Project 11

Tiny beetle with a chemical weapon: Do flea beetles use mustard oils against predators and pathogens?

Supervisors: Franziska Beran, Jonathan Gershenzon, MPI for Chemical Ecology

Background: Plants and animals are well-known to use chemical weapons to defend themselves against enemies. When this chemical defence is produced by the organism itself, a major challenge is to store the toxin safely, but ready for action when needed. Plants have solved this problem by developing two-component defence systems (Morant et al. 2008).
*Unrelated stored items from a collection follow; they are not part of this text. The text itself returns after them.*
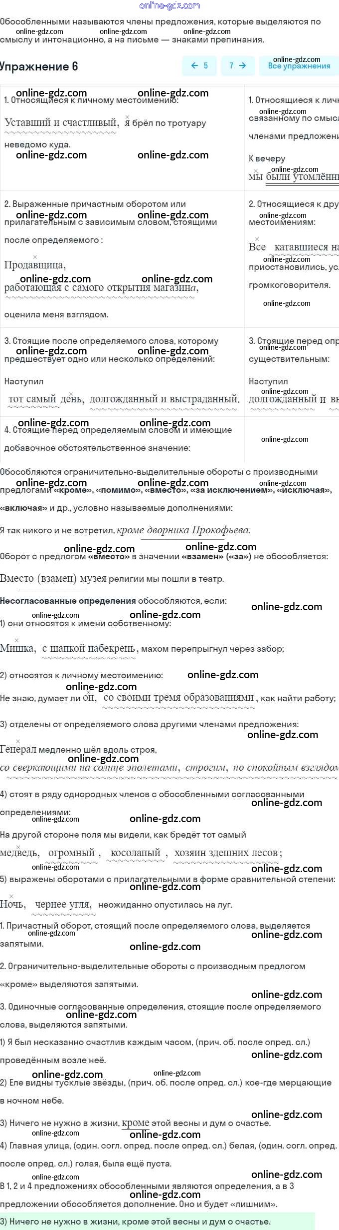 Готовые домашние задания по Русскому языку за 8 класс Тесты, творческие работы, проекты Нарушевич, Голубева 2020 - Вариант 1 Предложения с обособленными членами 6
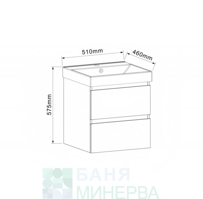 Шкаф с 2 чекмеджета с релси DTC със soft-close и пластмасов U-канал. PVC конструкция – 15 мм панели и 5 мм гръб. Боядисан отвън, доставя се сглобен с керамична мивка 5953W-51CM
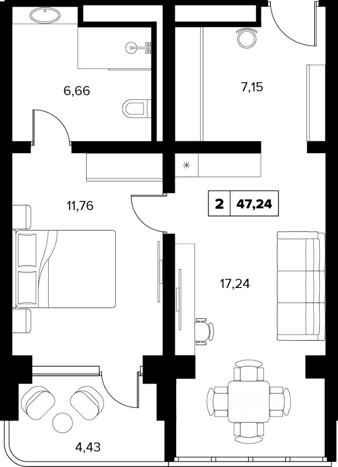 В продаже номер площадью 47.24 м² на 11 этаже в премиальном экокомплексе Белые Ночи.
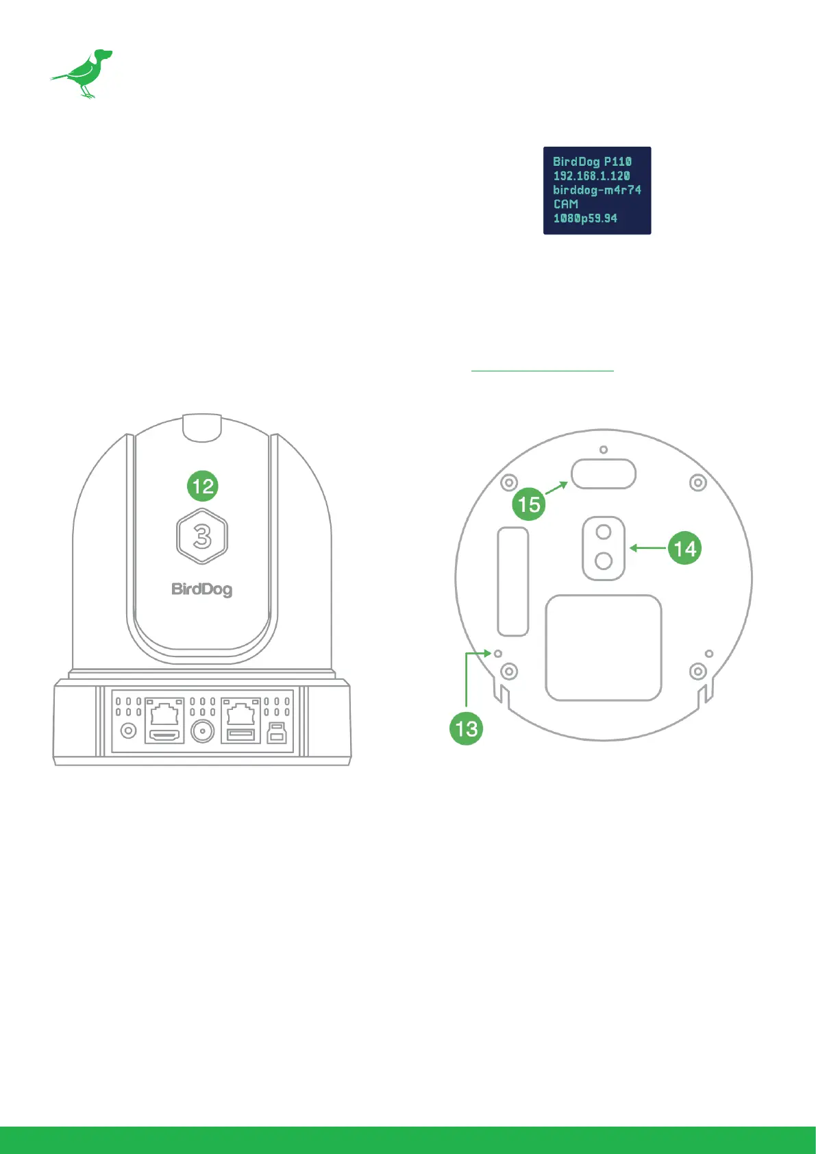 Bekijk gratis de handleiding van BirdDog P110, stel vragen en lees de antwoorden op veelvoorkomende problemen, of gebruik onze assistent om sneller informatie in de handleiding te vinden of uitleg te krijgen over specifieke functies.
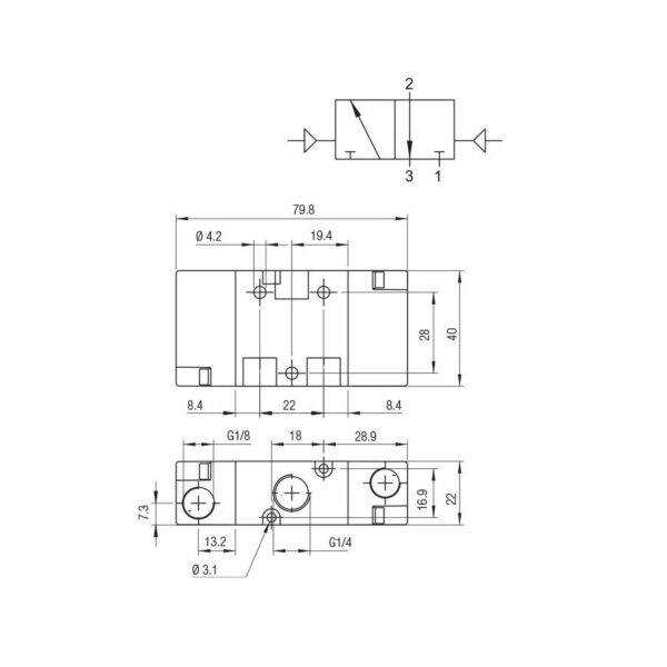Valvula neumatica Aignep 3/2 1/4″ biestable 2 posiciones fijas 01VP130003
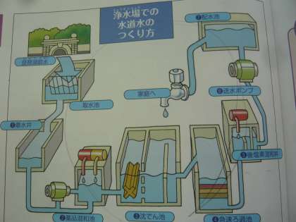 社会科の時間に,水道水のつくり方について学習しました。子どもたちは,琵琶湖疏水から蹴上,山ノ内,松ケ崎,新山科の各浄水場に地下の配水管を通って水が届くことを知り,大変驚いていました。市内の配水管を全部合わせると約4000kmということなので本当に長い距離の配水管があることが分かります。
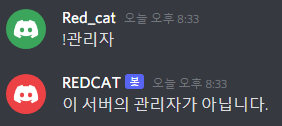 먼저 서버의 관리자인지 확인하는 명령어를 만들어보자. 아래의 사진처럼 코드를 작성해 보자.
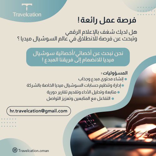 شركة Travel cation للسفر والسياحة - وظيفة شاغرة ( أخصائي/أخصائية سوشيال ميديا )
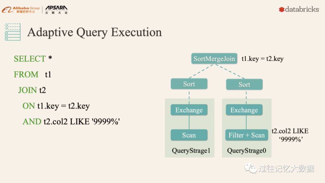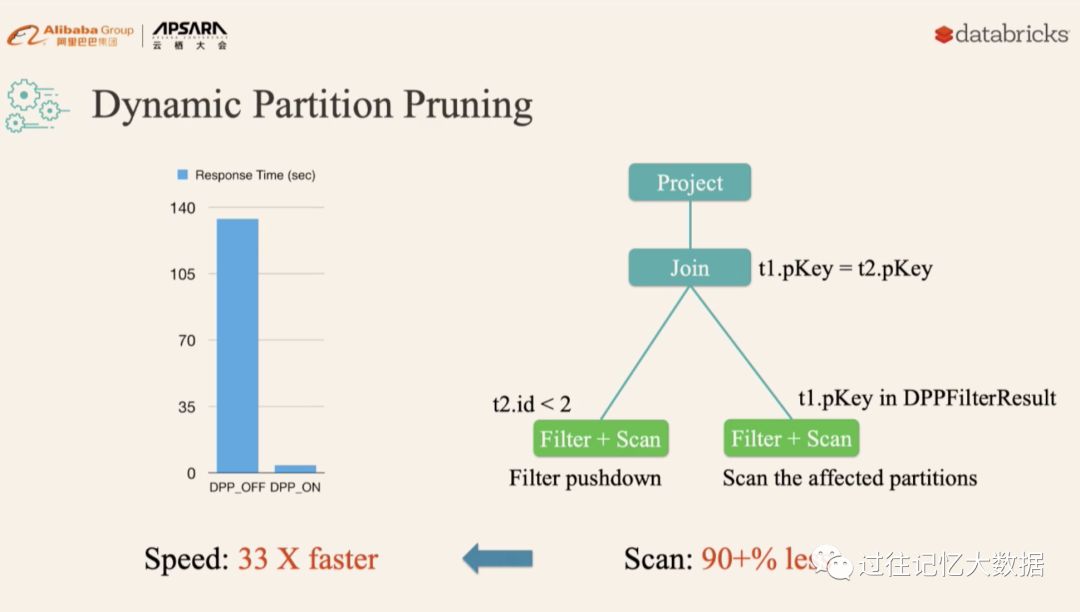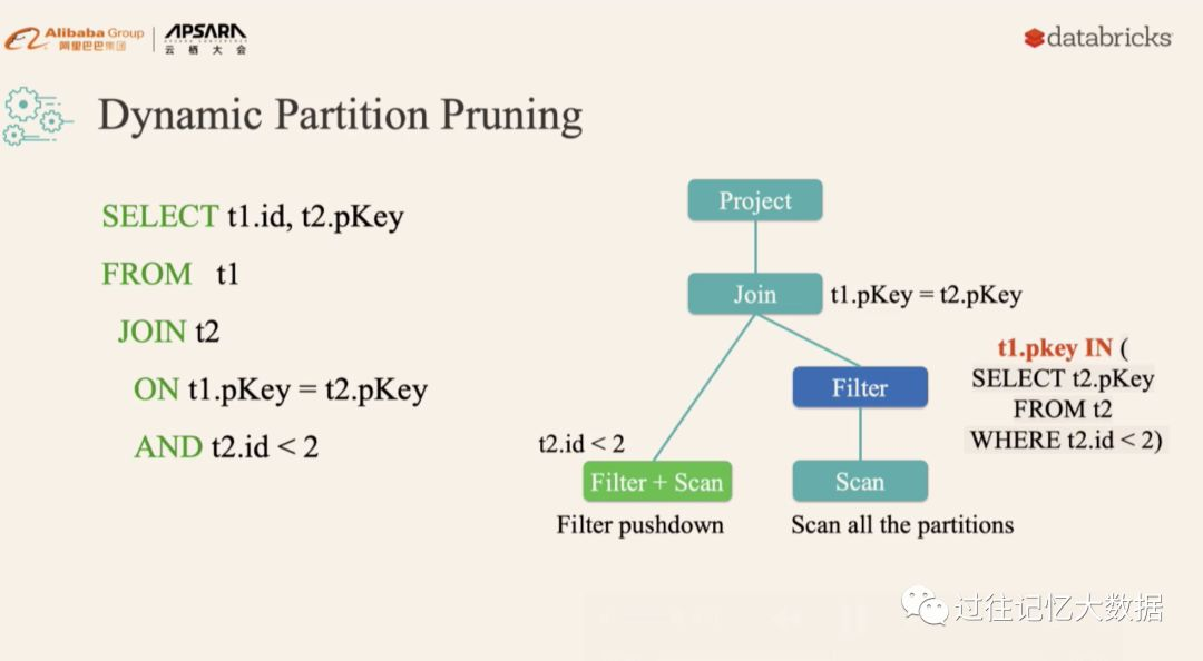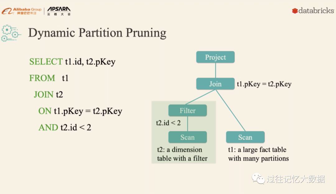 比如上面的 SQL 查询,假设 t2 表 t2.id < 2 过滤出来的数据比较少,但是由于之前版本的 Spark 无法进行动态计算代价,所以可能会导致 t1 表扫描出大量无效的数据。有了动 态分区裁减,可以在运行的时候过滤掉 t1 表无用的数据

The best studied example is the so-called 'mustard-oil bomb' in crucifers, where high amounts of non-toxic mustard-oil glucosides (glucosinolates) are stored in all plant tissues but separately from a specific β-thioglucosidase enzyme known as myrosinase (Halkier & Gershenzon 2006). When the plant tissue is damaged by herbivore feeding, mustard oil glucosides are rapidly degraded by myrosinase to toxic mustard oils (isothiocyanates). These are responsible for the sharp taste of mustard and wasabi. Due to their high reactivity, mustard oils have broad activity against bacteria, fungi, nematodes, and small herbivores. We had previously shown that Phyllotreta flea beetles emit toxic mustard-oils that are derived from sequestered mustard oil glucosides, which are activated by the beetle’s own myrosinase (Beran et al. 2011; Beran et al. 2014). However, we recently discovered that Phyllotreta actually possess several myrosinases that are differentially expressed in different life stages. These results strongly suggest one or more defensive roles of the mustard oil bomb for this insect, but the costs, benefits and targets of this strategy are unknown.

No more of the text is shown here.